I had had no idea what you meant by an 'acorn squash' so did a
google and found out that its a winter squash
http://en.wikipedia.org/wiki/Acorn_squash
so that (and the butternut)
http://en.wikipedia.org/wiki/Butternut_squash
is what we Australians would just put under the name of pumpkins.

Pumpkin is a staple foodstuff here in Oz and a very popular
vegetable.

Pumpkin is very, very rarely served here in any sweet form except
for Pumpkin Scones (and they have become somewhat of a joke)

Do they not grow Grammas in the south? I thought Gramma pie was a
bush standard.

D

Oh my, you be talkin' Strine now, aren't you?

Numero-uno: I doubt that any Bubba worth his salt would know what a
Gramma pie was. It's just plain pumpkin pie in these parts.


A gramma is a cucurbit with orange flesh that is particularly made
into a sweet(ish) pie and AFAIK not usually eaten as a vegetable. Whether
you would call it a winter squash or a pumpkin I have no
idea.

Numero-two-o: By bush (not Bush) standard I presume that you mean
common to unsophisticated rural areas. Au contraire, mon ami, Gramma
pie is consumed in vast quantities during year end festivals by
cognoscenti, bumpkins, urbanites, suburbanites, and all the other
"ites" alike.


The 'bush' is everything outside cities and major regional centres
and includes areas where your neighbours are a few hundred metres
away and the outback where they might be a hundred kilometres away. It is
where people tend to have land to grow large plants like
pumpkins and the tradition of doing so. I wasn't making any comment
on level of sophistication, it's that city folk wouldn't eat gramma
pie due to the lack of grammas and knowing how to make it.


:-)) Indeed. City people seem to have lost many skills when it
comes to food and it's preparation.

I'm always stunned when I visit my sister in Sydney and look in her
fridge and pantry.
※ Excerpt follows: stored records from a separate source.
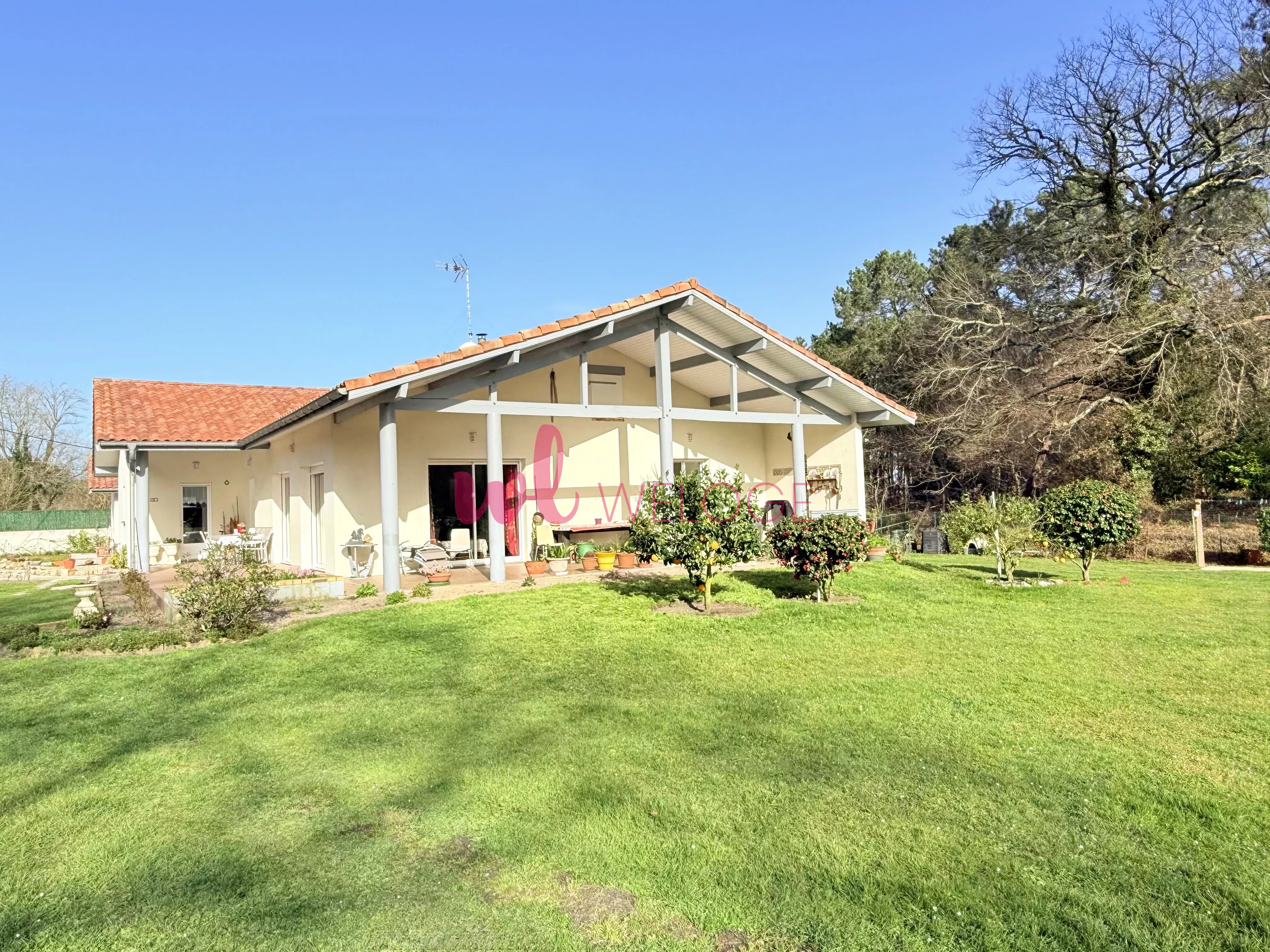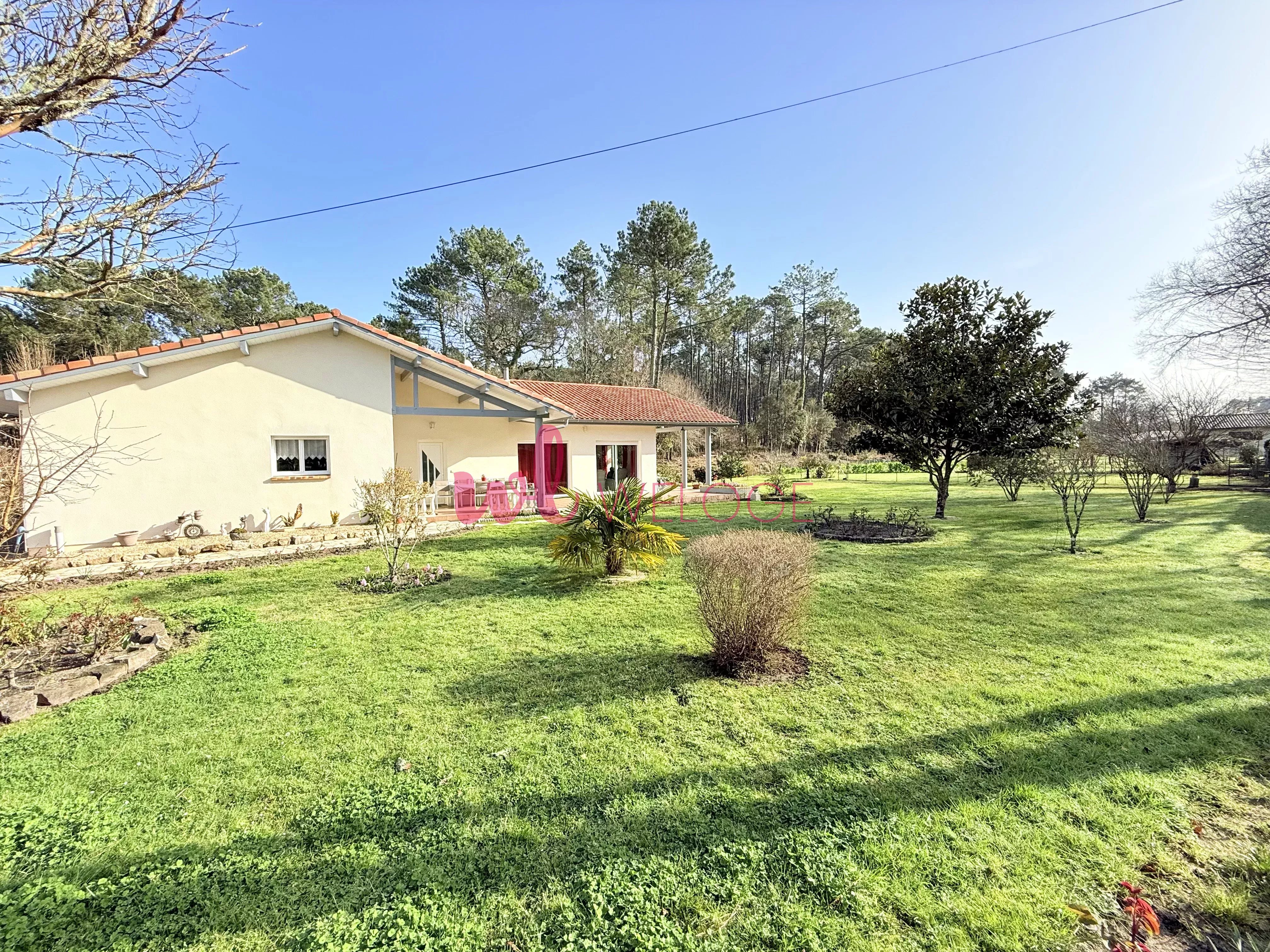 À Léon, charmante commune des Landes réputée pour son lac et sa proximité avec l’océan, découvrez cette maison contemporaine construite en 2008 qui déploie 175 m² habitables dans un cadre naturel privilégié. Dès l’entrée, vous serez séduit par la vaste pièce de vie lumineuse d'environ 50m2, composée d’un salon-séjour convivial ouvert sur deux terrasses exposées sud-ouest, avec une vue imprenable sur la forêt de pins. La cuisine, spacieuse et entièrement équipée, bénéficie d’un cellier attenant pour plus de praticité. La maison dispose de quatre chambres dont une suite parentale avec salle de bain privative comprenant douche et baignoire. Une salle de bain indépendante avec WC, un second toilette séparé ainsi qu’un bureau viennent compléter l’agencement fonctionnel et confortable de cette maison. Implantée sur un terrain de 1891 m² traversé par un ruisseau, elle offre un environnement rare, calme et sans vis-à-vis. Ses prestations de qualité incluent des menuiseries en alu, un chauffage au sol par géothermie, un poêle à bois et un portail motorisé. Située en impasse, elle assure une tranquillité absolue. Idéalement implantée, la maison permet de profiter de la douceur de vivre landaise : le lac de Léon et sa réserve naturelle se trouvent à quelques minutes, tout comme les magnifiques plages de Moliets, Messanges, Vieux-Boucau et Soustons. Que vous soyez amateur de baignades, de balades en forêt, de surf ou de détente en famille, vous serez séduit par la diversité des activités accessibles depuis cette propriété. Une maison qui conjugue confort, charme naturel et emplacement privilégié à deux pas de l’océan. Cette maison vous est proposée au prix de 570 000 €. Contactez-moi pour plus d’informations ou pour planifier une visite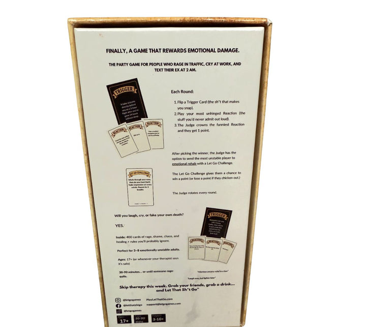 Let That Sh*t Go™ is the NSFW party game where everyday triggers meet unhinged reactions and hilarious “therapy” challenges. Unlike other card games, this one doesn’t just make you laugh—it helps you actually let go of your stress (while roasting your friends).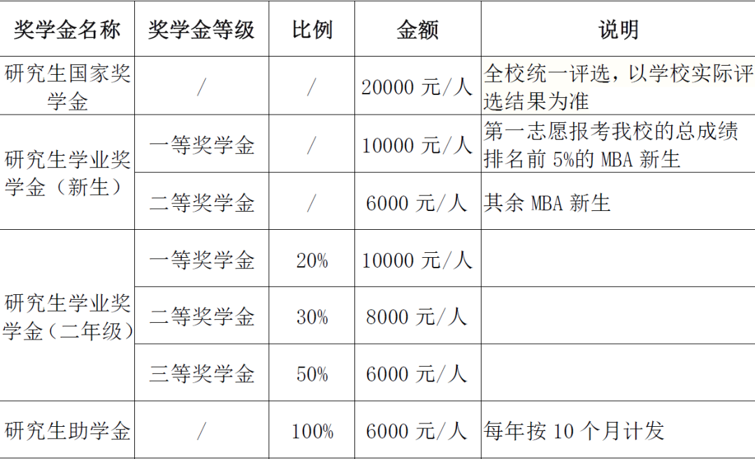 第一志愿報考華南師范大學(xué)MBA且被錄取的考生,按聯(lián)考成績高低給予一定的獎學(xué)金。

Both are almost bare and I always think of the
old saying about 'society being 7 meals away from anarchy'. I could
eat out of my fridge/freezer and pantry for at least a month but at
my sisters I wonder what they will eat for dinner (she seldom does
any cooking at all and they seem to eat out every night).
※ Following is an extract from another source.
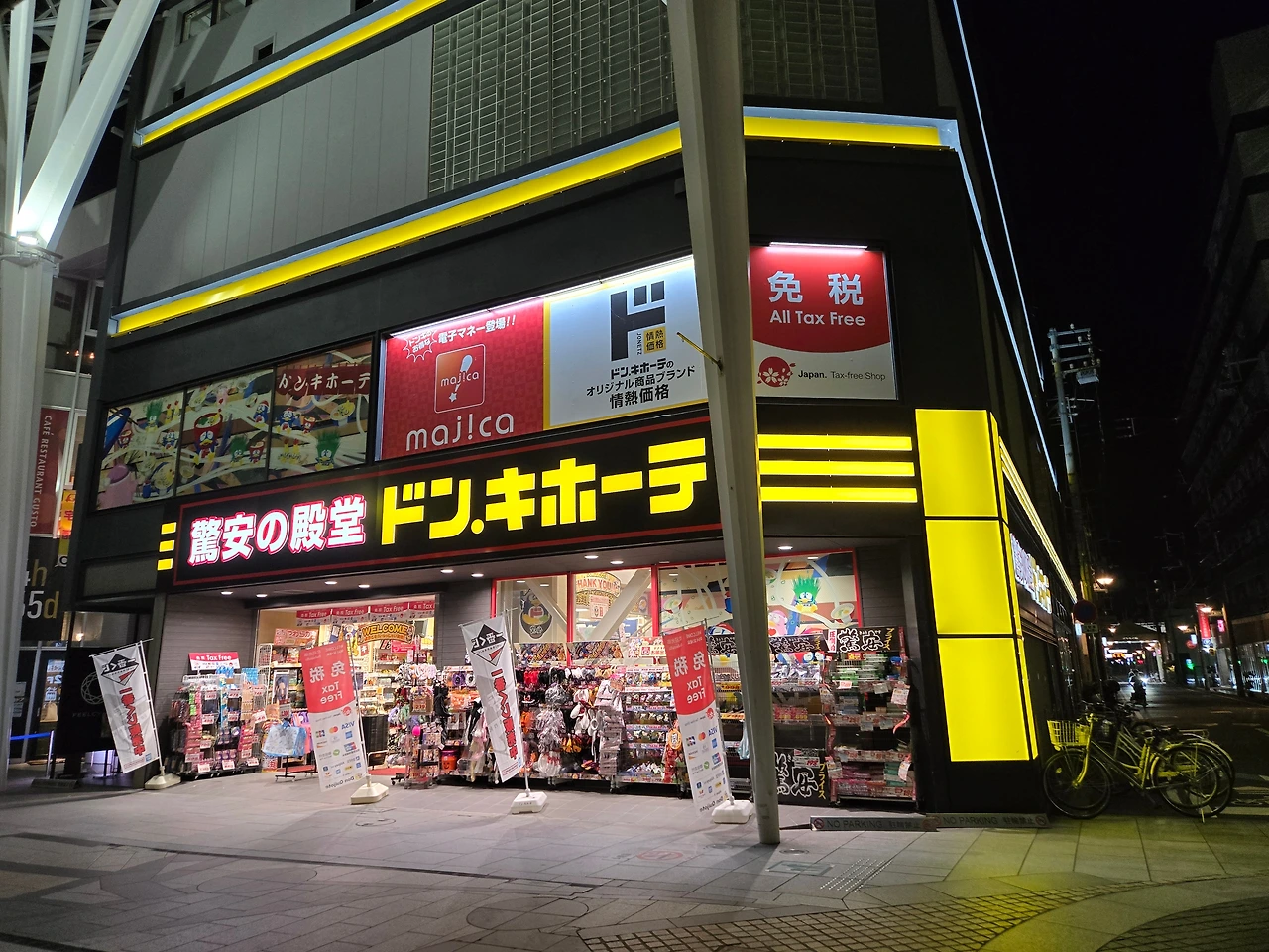 돈키호테는 24시간 운영이라 늦은 밤에도 방문이 가능했다. 사실 다카마쓰 시내가 그리 북적이는 곳이 아니라서 한밤중에 너무 다니는건 조금 위험할 수 있으니 주의는 필요하다. 호텔에서 그리 멀지 않은 거리였다. 두블럭 지나 만난 돈키호테는 1,2층으로 구성되어 있었지만, 밤이 되면 드럭을 구매할 수 없었기 때문에 크게 면세범위까지 금액을 채우진 못할 것 같아, 이날 구매는 하지 않았다. 하지만, 언제가도 재미있는 구경 거리가 많은 만큼, 돈키호테에서 소소한 아이템을 구경하는 재미가 있다.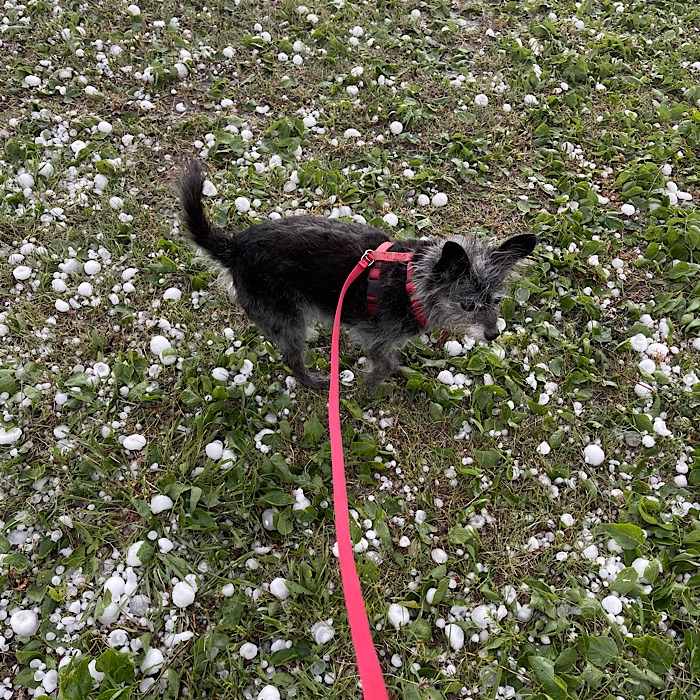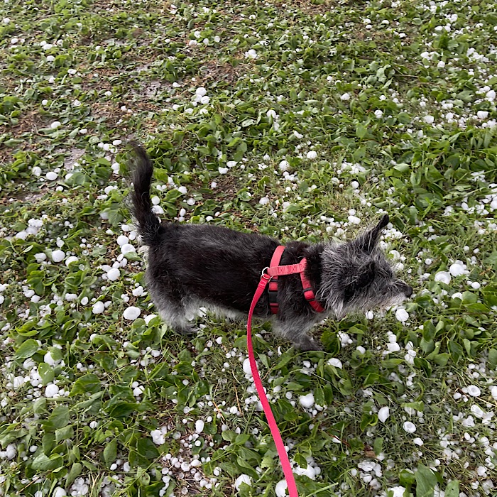 Bruce handed Nox to me and took a video of the hail. Poor Nox was shivering and shaking.

I was reading that in some western cities (eg New York) kitchens are being
converted to other uses (spare bedrooms, walk-in wardrobes etc) because the
occupants always eat out and that some new appartments are built without
one. No I can't recall when or who said so.
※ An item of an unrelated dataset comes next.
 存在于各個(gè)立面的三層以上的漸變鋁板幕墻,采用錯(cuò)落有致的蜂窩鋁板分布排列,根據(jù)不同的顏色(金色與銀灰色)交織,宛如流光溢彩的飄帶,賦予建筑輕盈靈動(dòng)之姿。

If you look at the way cities decay into anarchy in a few days due to
external events (eg weather extremes such as Katrina at New Orleans) we must
be very concerned about the fragility of such a way of life. As soon as the
power or fuel stop people will be hungry very soon. We are going to pass
through a transition away from a fossil fuel economy some time in the next
generation. I don't see myself as a doomsayer but I worry that the
transition will not be smooth. Many people would not be aware that in this
country we have had many thousands of city men tramping about the bush
looking for work/food. Sydney is now much bigger and more dependent on
remote supplies of food and energy than it was in the Great Depression.